[Items from a dataset]
────────

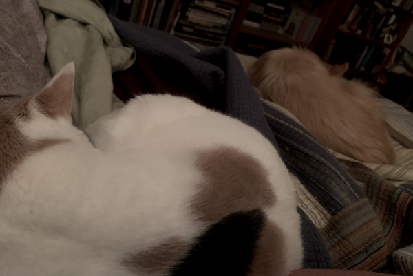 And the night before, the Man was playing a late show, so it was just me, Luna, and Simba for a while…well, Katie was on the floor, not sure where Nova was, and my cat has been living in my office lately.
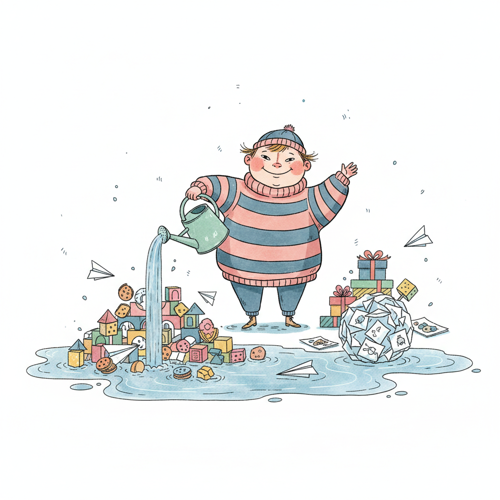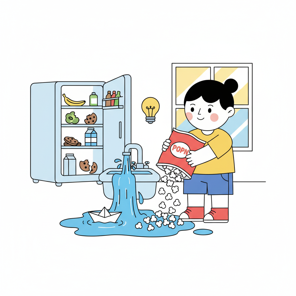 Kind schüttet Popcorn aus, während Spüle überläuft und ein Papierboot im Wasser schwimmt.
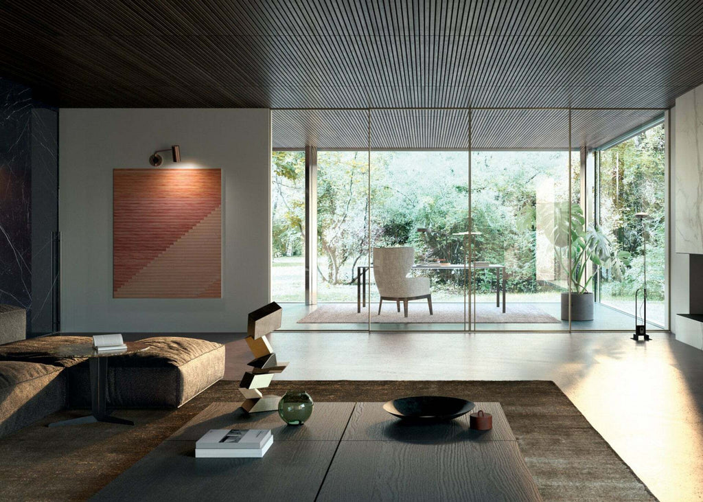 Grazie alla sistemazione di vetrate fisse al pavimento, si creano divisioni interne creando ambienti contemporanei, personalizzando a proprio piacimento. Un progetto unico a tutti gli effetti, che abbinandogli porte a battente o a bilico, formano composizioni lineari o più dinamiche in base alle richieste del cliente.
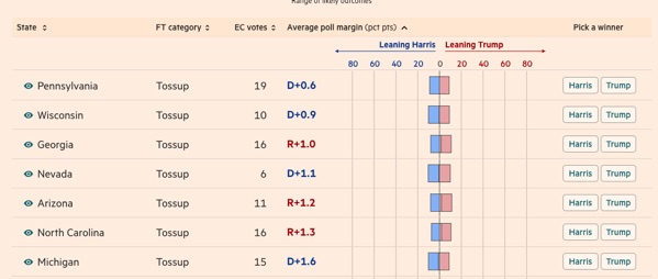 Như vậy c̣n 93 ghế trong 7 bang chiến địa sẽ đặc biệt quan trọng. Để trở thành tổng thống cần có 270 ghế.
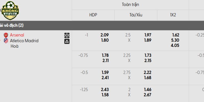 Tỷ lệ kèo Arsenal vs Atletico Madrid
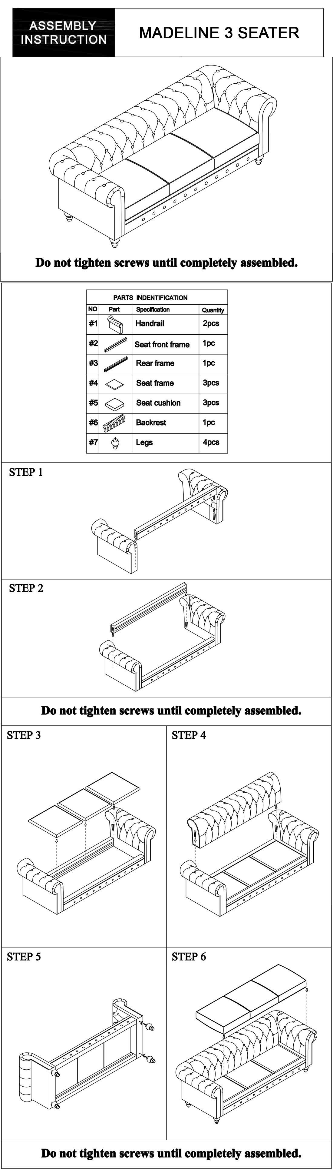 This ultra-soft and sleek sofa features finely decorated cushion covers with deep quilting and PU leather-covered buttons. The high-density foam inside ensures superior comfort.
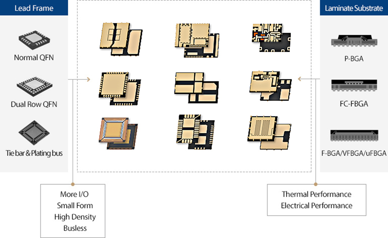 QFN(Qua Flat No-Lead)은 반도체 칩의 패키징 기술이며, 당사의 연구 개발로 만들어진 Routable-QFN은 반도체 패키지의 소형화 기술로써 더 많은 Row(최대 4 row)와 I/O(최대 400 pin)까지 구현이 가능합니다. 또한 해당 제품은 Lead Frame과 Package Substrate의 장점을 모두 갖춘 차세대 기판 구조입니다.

────────

> **Goal of the exercise**
Repeat every line above precisely; pictures do not belong in the copy.

> **Worked solution**
 And the night before, the Man was playing a late show, so it was just me, Luna, and Simba for a while…well, Katie was on the floor, not sure where Nova was, and my cat has been living in my office lately.
 Kind schüttet Popcorn aus, während Spüle überläuft und ein Papierboot im Wasser schwimmt.
 Grazie alla sistemazione di vetrate fisse al pavimento, si creano divisioni interne creando ambienti contemporanei, personalizzando a proprio piacimento. Un progetto unico a tutti gli effetti, che abbinandogli porte a battente o a bilico, formano composizioni lineari o più dinamiche in base alle richieste del cliente.
 Như vậy c̣n 93 ghế trong 7 bang chiến địa sẽ đặc biệt quan trọng. Để trở thành tổng thống cần có 270 ghế.
 Tỷ lệ kèo Arsenal vs Atletico Madrid
 This ultra-soft and sleek sofa features finely decorated cushion covers with deep quilting and PU leather-covered buttons. The high-density foam inside ensures superior comfort.
 QFN(Qua Flat No-Lead)은 반도체 칩의 패키징 기술이며, 당사의 연구 개발로 만들어진 Routable-QFN은 반도체 패키지의 소형화 기술로써 더 많은 Row(최대 4 row)와 I/O(최대 400 pin)까지 구현이 가능합니다. 또한 해당 제품은 Lead Frame과 Package Substrate의 장점을 모두 갖춘 차세대 기판 구조입니다.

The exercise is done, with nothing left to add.